• _TASK TO CARRY OUT_
From the entries below, reproduce exactly the lines from the one with "전한 것으로 알려졌다." through the one with "na červeném pozadí.", both included, without images.

• _MATERIAL SUPPLIED_
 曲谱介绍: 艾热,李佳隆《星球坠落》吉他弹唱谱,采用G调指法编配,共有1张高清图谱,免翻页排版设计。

==

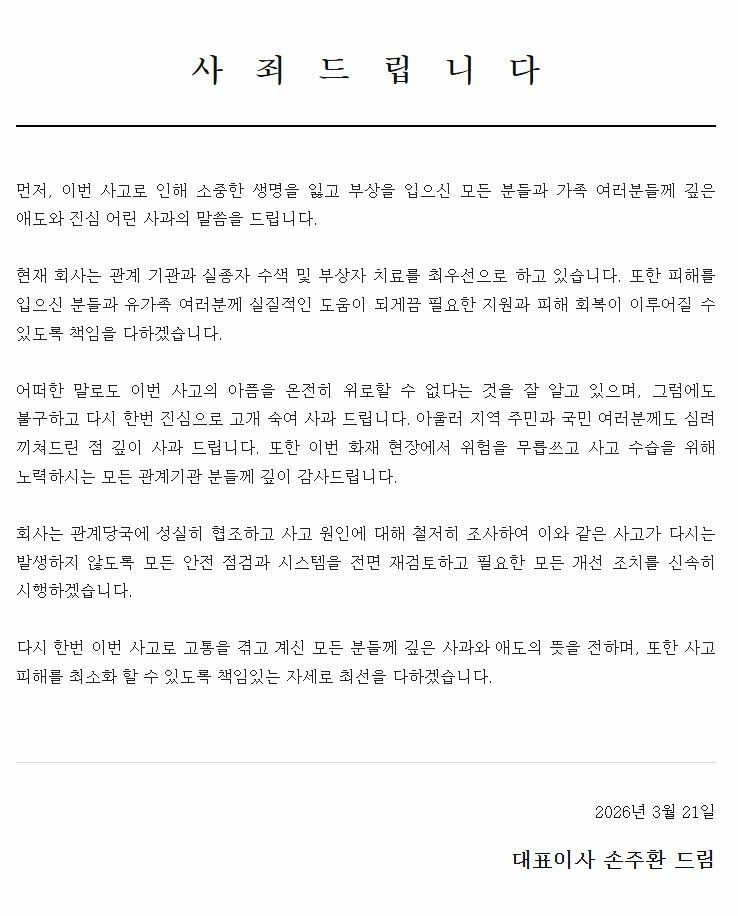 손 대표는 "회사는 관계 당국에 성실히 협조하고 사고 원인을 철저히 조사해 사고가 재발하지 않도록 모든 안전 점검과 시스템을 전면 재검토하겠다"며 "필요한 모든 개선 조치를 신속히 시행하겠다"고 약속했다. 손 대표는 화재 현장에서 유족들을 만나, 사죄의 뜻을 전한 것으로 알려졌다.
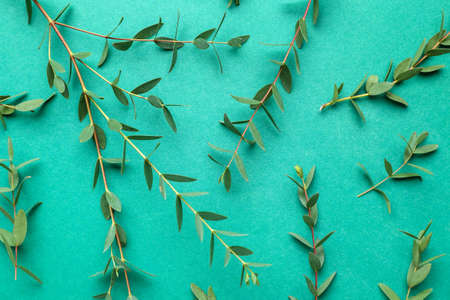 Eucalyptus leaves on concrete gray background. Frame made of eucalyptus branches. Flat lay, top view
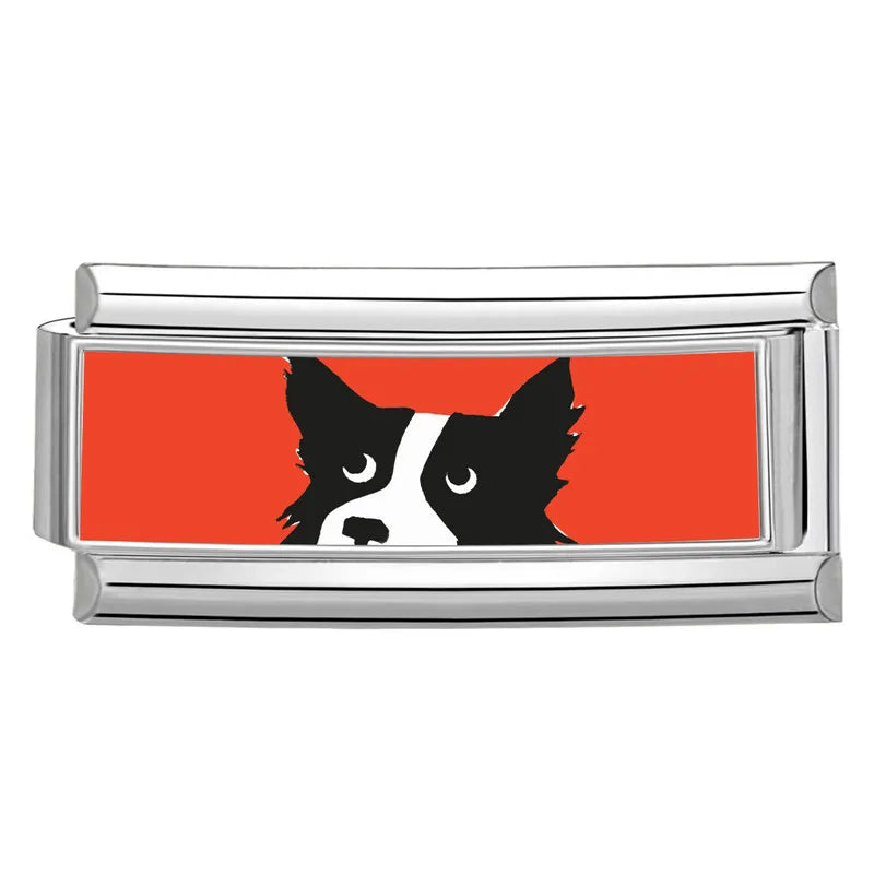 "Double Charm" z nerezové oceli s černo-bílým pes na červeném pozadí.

• _ANSWER BOX_
 손 대표는 "회사는 관계 당국에 성실히 협조하고 사고 원인을 철저히 조사해 사고가 재발하지 않도록 모든 안전 점검과 시스템을 전면 재검토하겠다"며 "필요한 모든 개선 조치를 신속히 시행하겠다"고 약속했다. 손 대표는 화재 현장에서 유족들을 만나, 사죄의 뜻을 전한 것으로 알려졌다.
 Eucalyptus leaves on concrete gray background. Frame made of eucalyptus branches. Flat lay, top view
 "Double Charm" z nerezové oceli s černo-bílým pes na červeném pozadí.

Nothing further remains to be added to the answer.